Gore set career lows in rushing yards (599) and yards per carry (3.6) last season, eventually losing playing time to rookie Devin Singletary. Despite the decline, Gore said he never considered retirement.
“I didn’t, because when I was playing the first six or seven games, I was balling,” Gore said. “I was balling. Once Buffalo started playing a younger guy, I felt like I still could do it. I just had to see what team would give me an opportunity.”
He also consulted with his son, Frank Gore Jr, who is entering Southern Miss in the fall.
“He was like, ‘Dad, I think you can go one more,'” he said.
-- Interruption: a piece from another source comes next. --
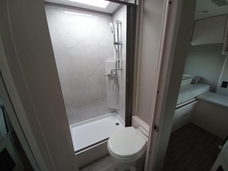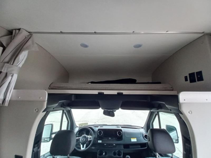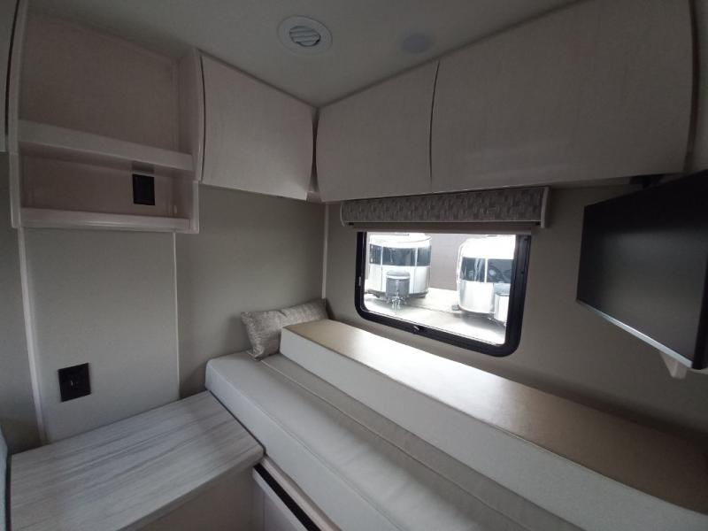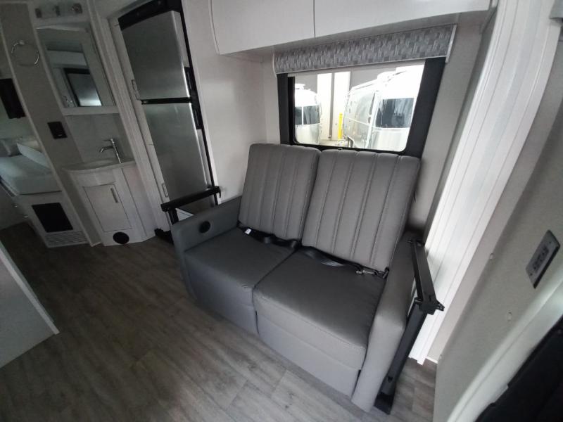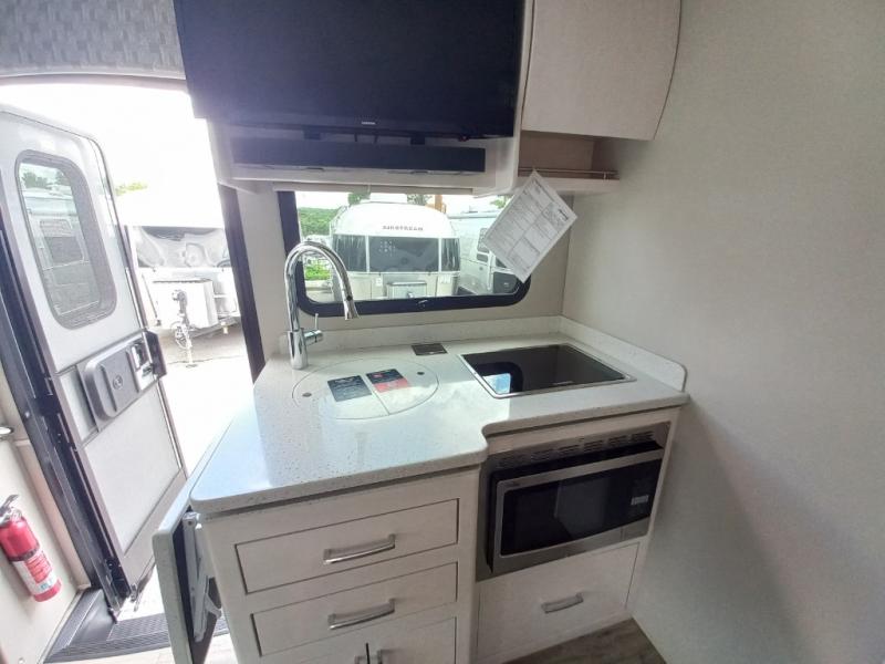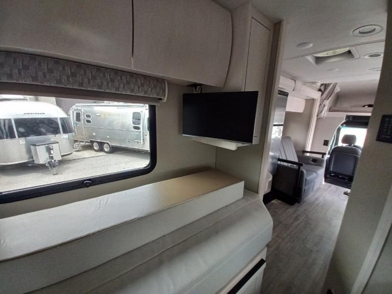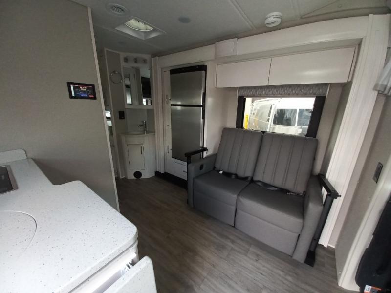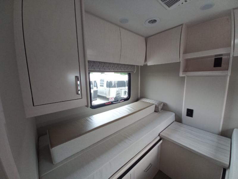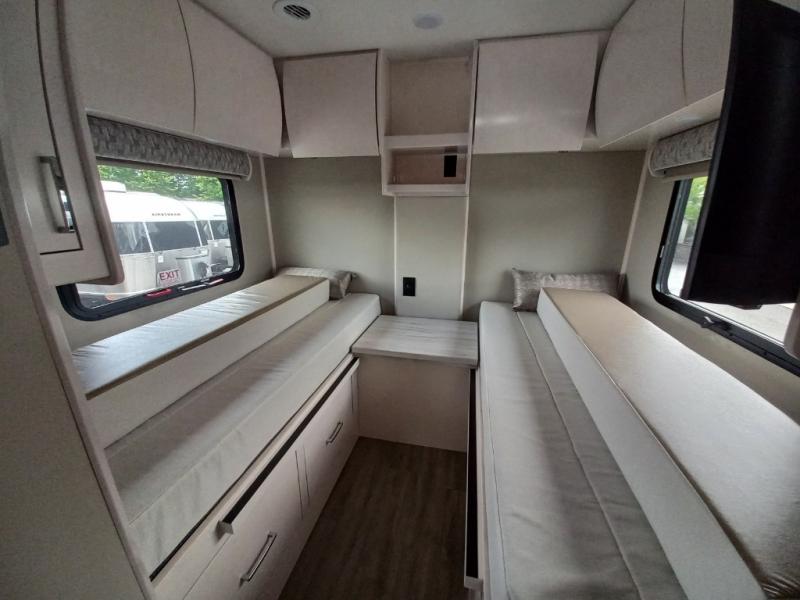 The perfect coach for two along with room for an added guest or little ones with the 46" x 80" over the cab bunk! You will appreciate the storage throughout for your belongings, so no worries about leaving anything behind. The single slide out along the driver's side adds more walking around space inside. Prepare light meals and snacks with ease while you travel with a two-burner cooktop and round sink for cleaning up. There is cupboard storage in the overhead areas for your dishes, and the refrigerator/pantry is located opposite within the sofa slide. The onboard bathroom features a private toilet and shower area with a separate sink just opposite the door. In the rear of the coach, there are two twin mattresses, a 24" TV and overhead storage along each side and rear of the coach, plus more storage can be found at the foot of each bed.

Gore said he picked the Jets because of Gase, Adams and Darnold. Asked whether they could dethrone the Patriots, Gore gave props to the Bills, widely regarded as the division’s heir apparent.
“Buffalo, they have a bunch of great young talent,” Gore said. “The head coach, I respect him a lot. The general manager, I respect him a lot. They’re doing great things over there, but I’m on the other side now.”